The posttranscriptional regulation of ferritin and TfR expression depends on both the Fe/S protein IRP1 and its non-Fe/S counterpart IRP2 which is known to respond to an iron-rather than Fe/S cluster-dependent signal (Anderson et al., 2012; Salahudeen et al., 2009; Vashisht et al., 2009). We therefore examined to what extent CIA protein depletion affects IRP2. To this end, the IRE binding activity of IRP2 was measured essentially as described above for IRP1, yet this time using an antibody-induced supershift of IRP1. Depletion CIA2B or MMS19 increased both IRE-binding activity and protein levels of IRP2 twofold, an effect consistent with the observed decrease in ferritin and the increase in transferrin binding (Figs. 4C–D and S6F–G). In contrast, CIA2A deficiency lowered both IRE-binding activity and protein levels of IRP2 twofold, which does not explain the lower ferritin levels and higher transferrin binding (Fig. 4). Depletion of CIA1 did not cause any effect, similar as for ferritin and TfR. The amounts of IRP2 mRNA were hardly changed under any depletion condition (Fig. S6H), thereby excluding the possibility that these changes were due to altered IRP2 gene expression. The relative effects of increased transferrin binding of CIA2A-, CIA2B- or MMS19-depleted cells versus control cells were retained even under high or low iron supply in the medium (Fig. S6C). Taken together, the changes in ferritin and TfR levels resulting from CIA2B and MMS19 depletion may be explained by the increases in IRP2 levels. On the contrary, the similar changes of ferritin and TfR levels seen under CIA2A depletion are inconsistent with the expected effects for lowered IRP2 levels. The molecular mechanisms of these new regulatory connections between these CIA components and the iron metabolism remain unclear. Nevertheless, the decrease in IRP2 upon CIA2A depletion may be explained on the basis of the complex formation between the two proteins (see below) which leads to stabilization of IRP2. The complicated modulatory effects of these CIA proteins on cellular iron homeostasis introduce a previously unknown mode of IRP2 regulation.

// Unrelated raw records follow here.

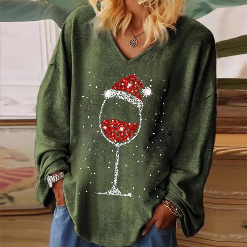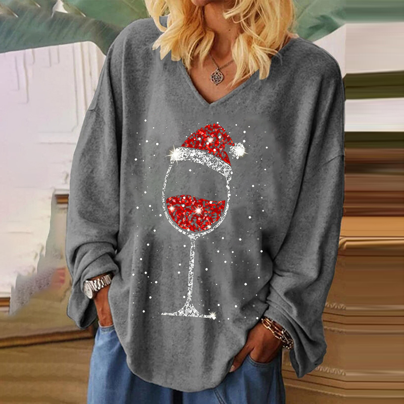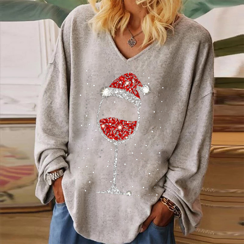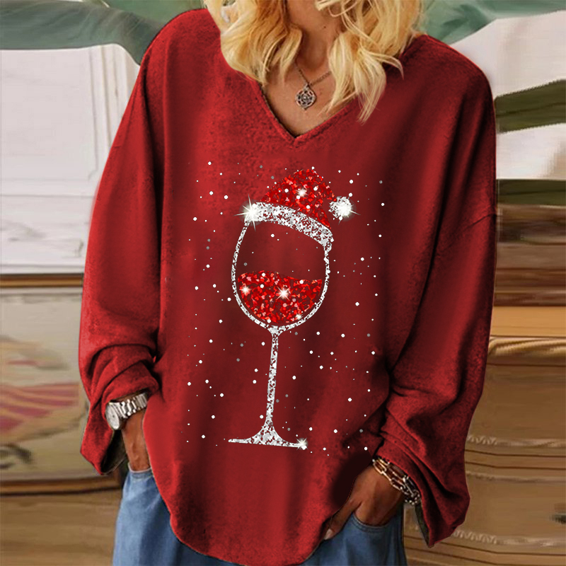 Made from soft, breathable fabric, it offers all-day comfort while the flattering V-neckline adds a feminine and modern feel. The unique print featuring a wine glass topped with a Christmas hat adds a delightful blend of holiday spirit and fun personality. Pair it with jeans, leggings, or a festive cardigan for an effortlessly merry outfit.
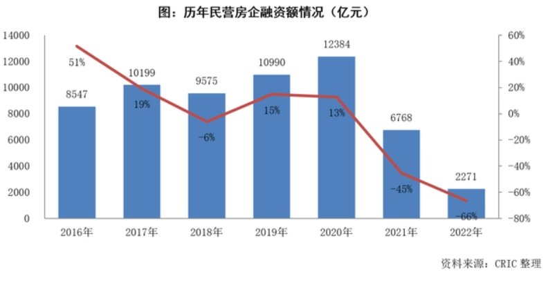 毕竟民营房企融资难的问题很突出,三道红线的监管要求提出后,房企降杠杆也按下了加速键,从2020年开始,民营房企的融资额情况就直线下降。据了解,2021年民营房企融资规模同比下降45%,开始爆发信用危机,2022年由于疫情等因素影响,民营房企融资更难,新增融资同比下跌66%,信用风险加剧。而且民营房企融资出现两极分化,少部分标杆民企能得到融资机会,大多数民企发展停滞,风险民企数量接近半数。
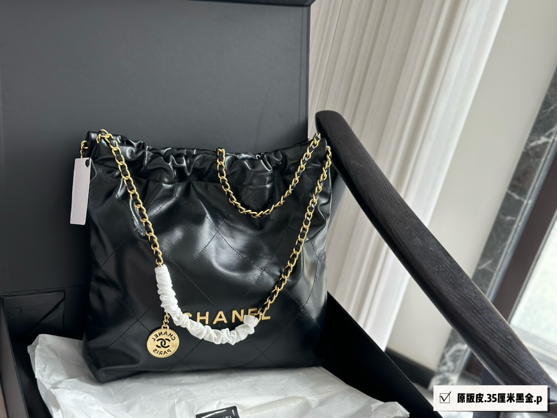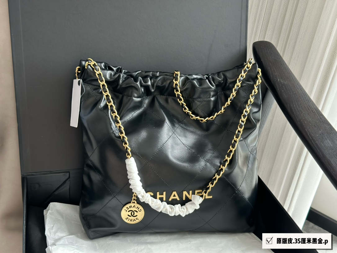 顶级免税版 VIP专柜体验 收到即官网同样 CHANEL 22 bag手袋 黑金小号 满满的复古情怀,松松垮垮的慵懒感 很爱很爱!!
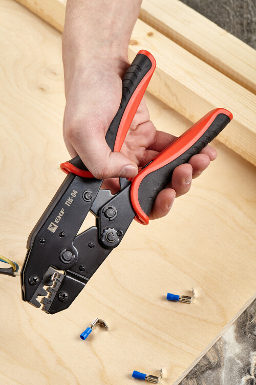 Пресс-клещи pk-04-exp предназначены для НК, РП-М, РП-П наконечников сечением 0,5-6 мм2. Инструмент оснащен храповым механизмом с автоматической разблокировкой по завершению цикла опрессовки. Каждая модель имеет маркировку, указывающую значение сечения используемого наконечника или разъема, а также нанесенную цветовую маркировку, соответствующую цвету изолирующей манжеты. Профиль опрессовки - автоклемма.
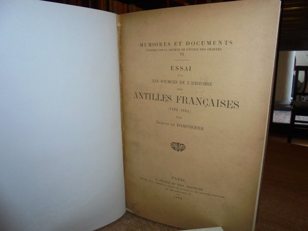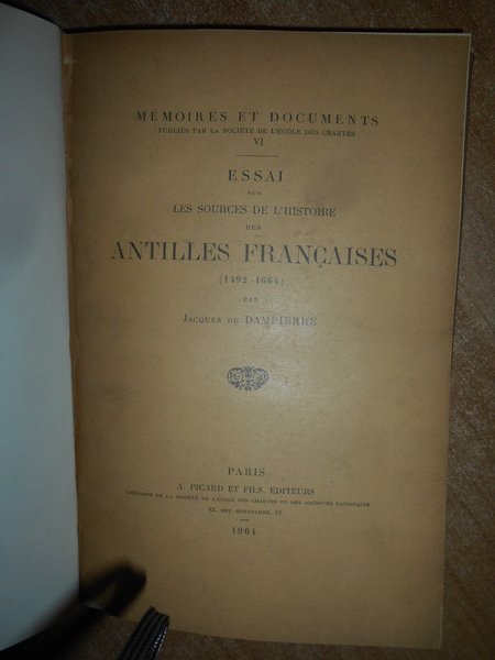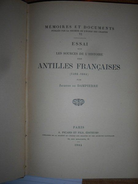 Dampierre , Jacques de. Paris, A. Picard & Fils , 1904. Essai sur les sources de l' histoire des Antilles françaises(1492-1664). In-8°, tela con titolo in oro entro tassello al dorso, copertine originali conservate. XL, 238, (1) pp. Ottimo esemplare. Uff. B - III - 6 - 2
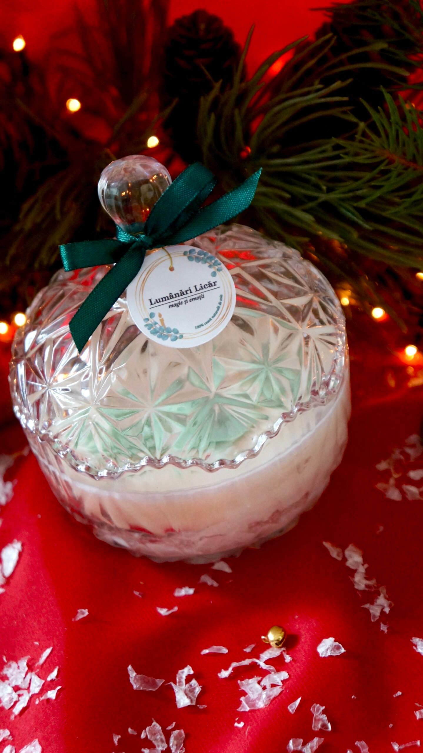 Lumânare parfumată în recipient elegant tip bombonieră de sticla.
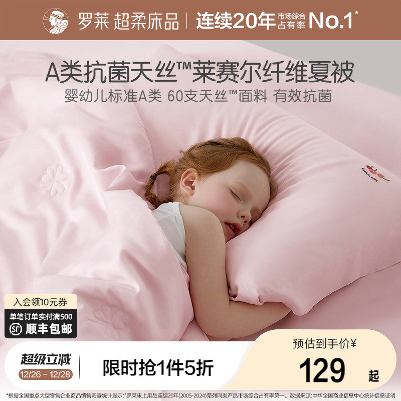 罗莱家纺儿童新品夏凉被学生宿舍A类抗菌进口兰精天丝纤维夏被
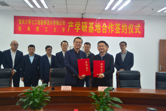 最后,双方代表共同签署了产学研合作协议,并为合作共建的“桂林理工大学产学研合作基地”揭牌。
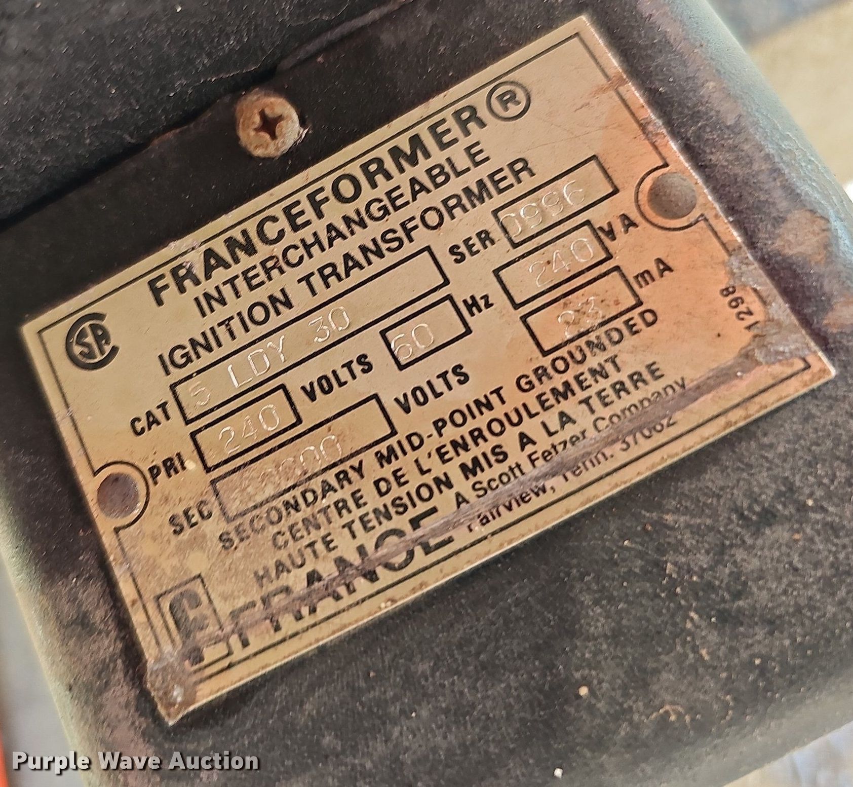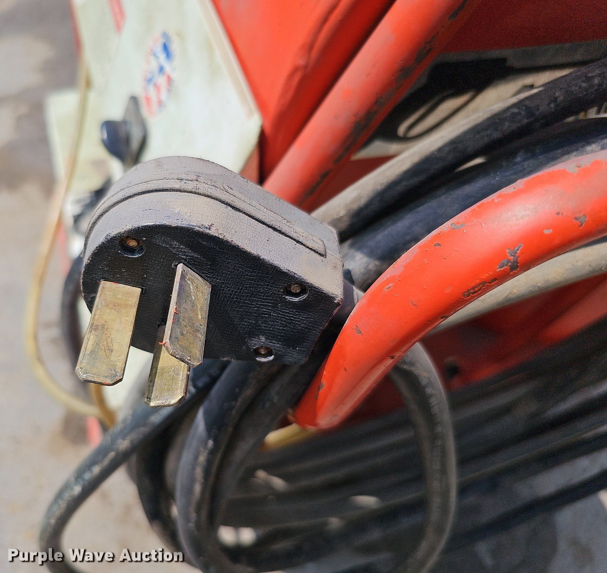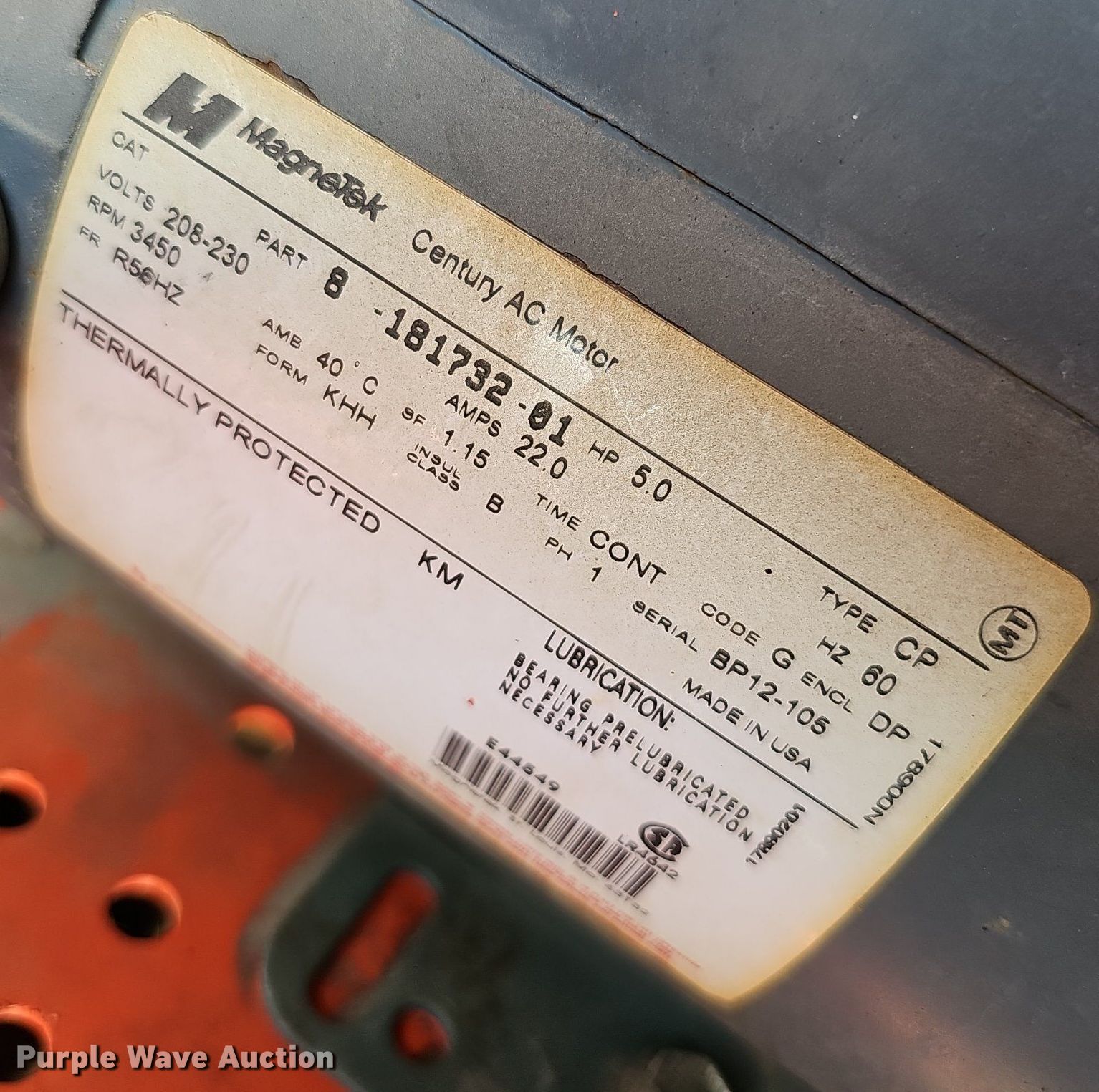 Alkota Cleaning Systems 4182 hot pressure washer. Serial: 185598. Electric Motor MagneTek 8-181732-01 Serial: BP12-105, HP: 5, Volts: 208-230, Phase: Single. Features Ignition transformer Model: 5LDY 30, Volts: 240, Serial: 0996. Tires Size: 4.10-3.50. Notes Hose damage, Non-operational wand. Inline Construction. 930 Jayhawk Rd. Marysville, KS 66508
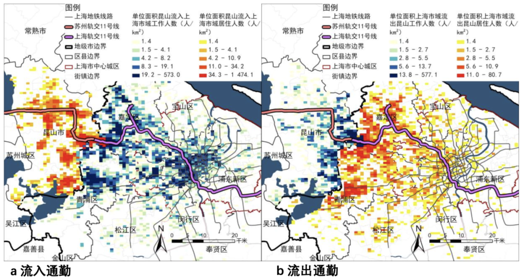 昆山市流入通勤的平均通勤距离为22.06公里,大于流出通勤平均通勤距离17.48公里,这也显示了上海市中心城区对昆山居民的就业吸引力。
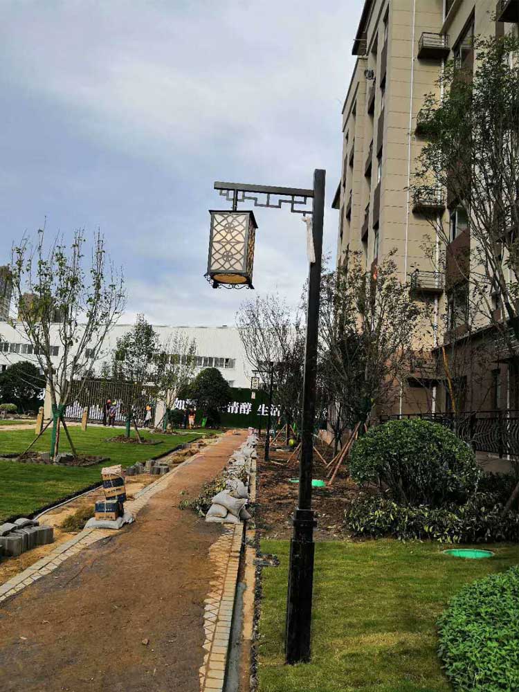 簡介—— 寶雞碧桂園庭院燈草坪燈項(xiàng)目是我們公司2018年7月完成的項(xiàng)目,燈具采用的是純黑方管燈桿,單挑臂造型光源,復(fù)古典雅,主體顏色與樓體顏色相呼應(yīng),在造型上和視覺上給人一種一體的美感。
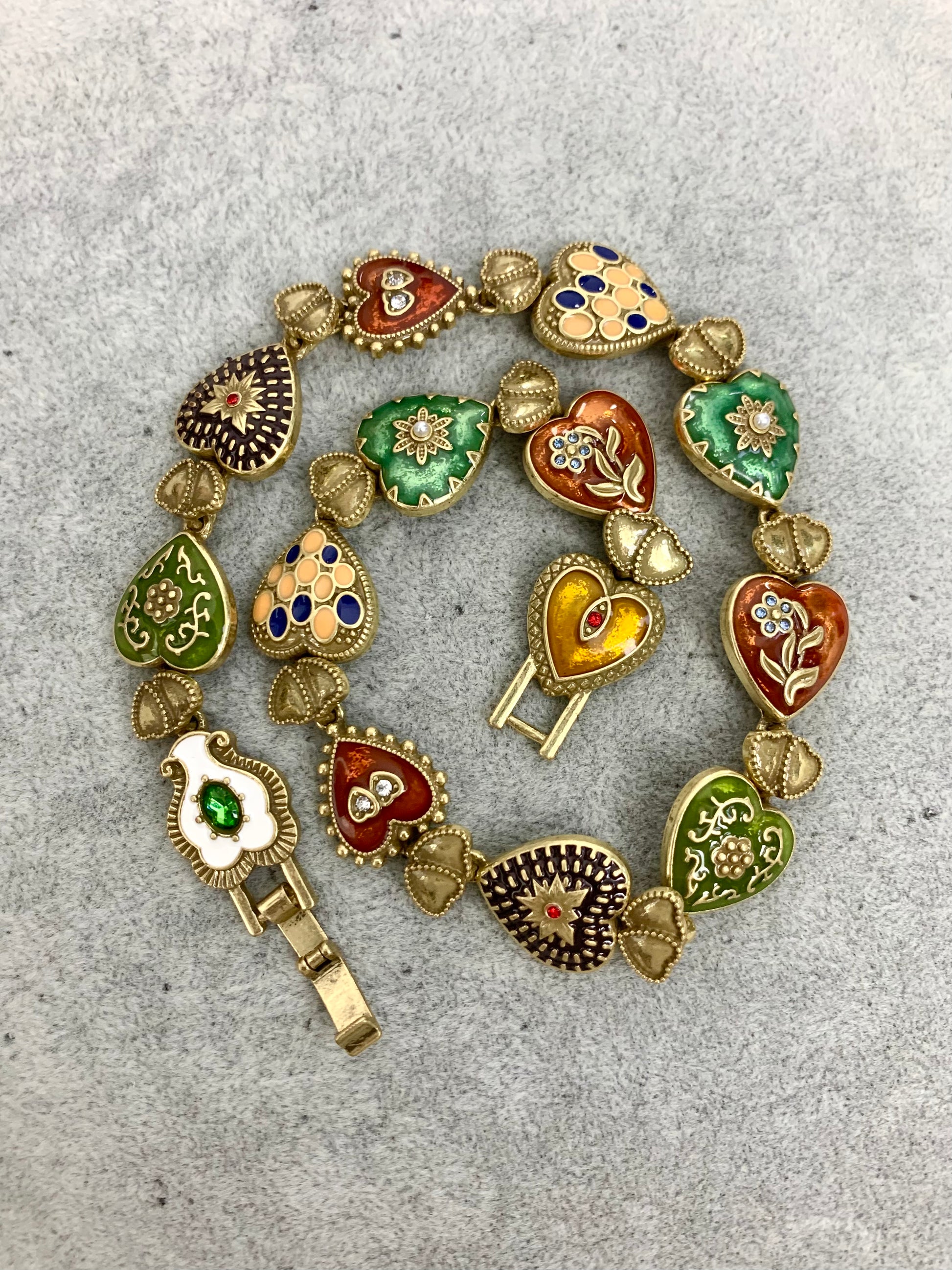 Vintage Heavy Craft Gold-Plated Brass Heart Pendant Choker Necklace
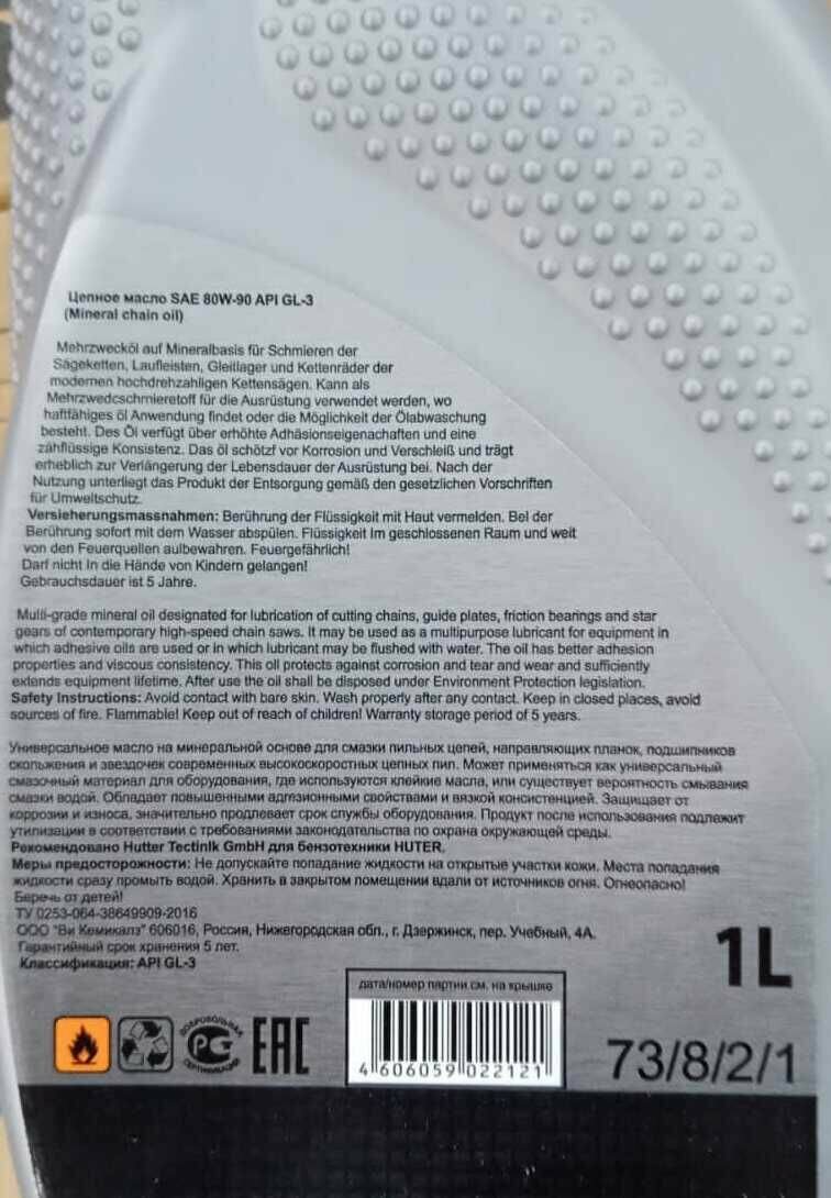 Масло цепное минеральное 80W90для техники Huter1л. интересное:
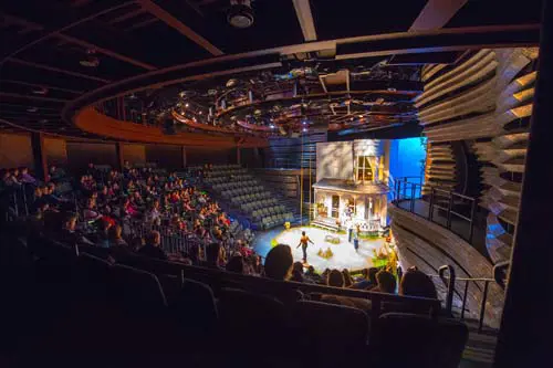 The USI Performance Center was constructed using locally-sourced and recycled materials. In addition, the theatre includes:
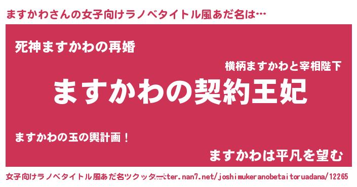 | 胡散臭い通販商品みたいなあだ名 | 『来世でも幸せになれる水素水…その名も「ますかわ」』 |
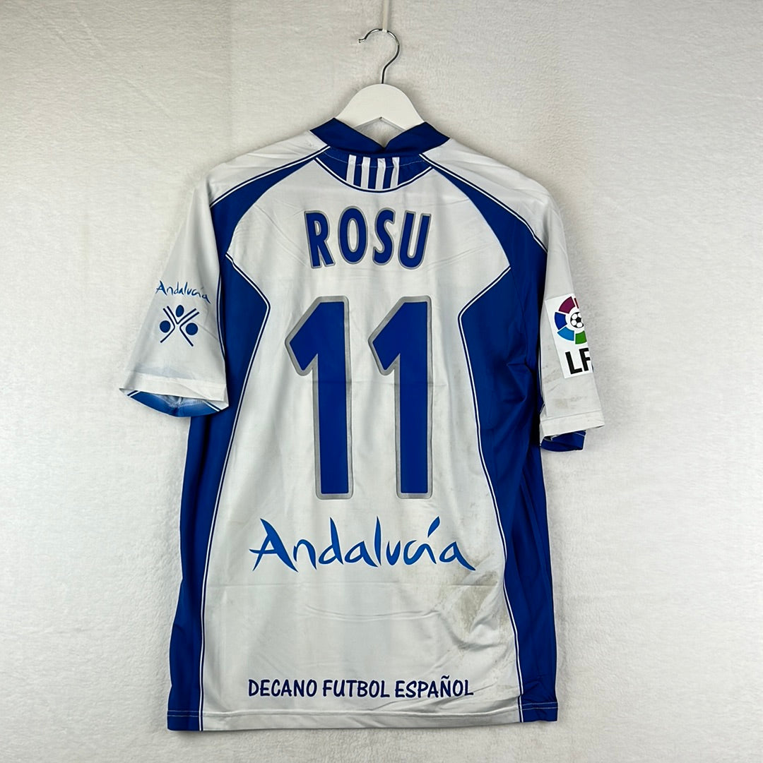Shirt info: The blue and white striped home shirt worn by Recreativo de Huelva during the 2006-2007 La Liga season. The Recreativo badge and Ce Judo logo are embroidered, with the 'Caja San Fernando' sponsor printed in green. The shirt has 'Rosu 11' in blue and silver plastic flock on the back.

Mammalian CIA2A and CIA2B form mutually exclusive complexes with CIA1

The differential requirement of CIA2A and CIA2B for the maturation of various Fe/S proteins prompted us to examine their specific interaction partners in more detail. First, CIA2B-myc (Fig. 5A) and muCIA2A-myc (Fig. 5B) were co-expressed with N-terminally FLAG-tagged CIA1 (Johnstone et al., 1998). Cleared cell lysates were subjected to anti-FLAG or anti-myc immunoprecipitation, and isolated proteins were analyzed by immunostaining. CIA2B-myc or muCIA2A-myc were each co-isolated with FLAG-CIA1 independently of which tag was used for precipitation (Fig. 5A–B, right parts). In the absence of bait protein no relevant signal was detected (Fig. 5A–B, left parts), confirming the specificity of the interactions.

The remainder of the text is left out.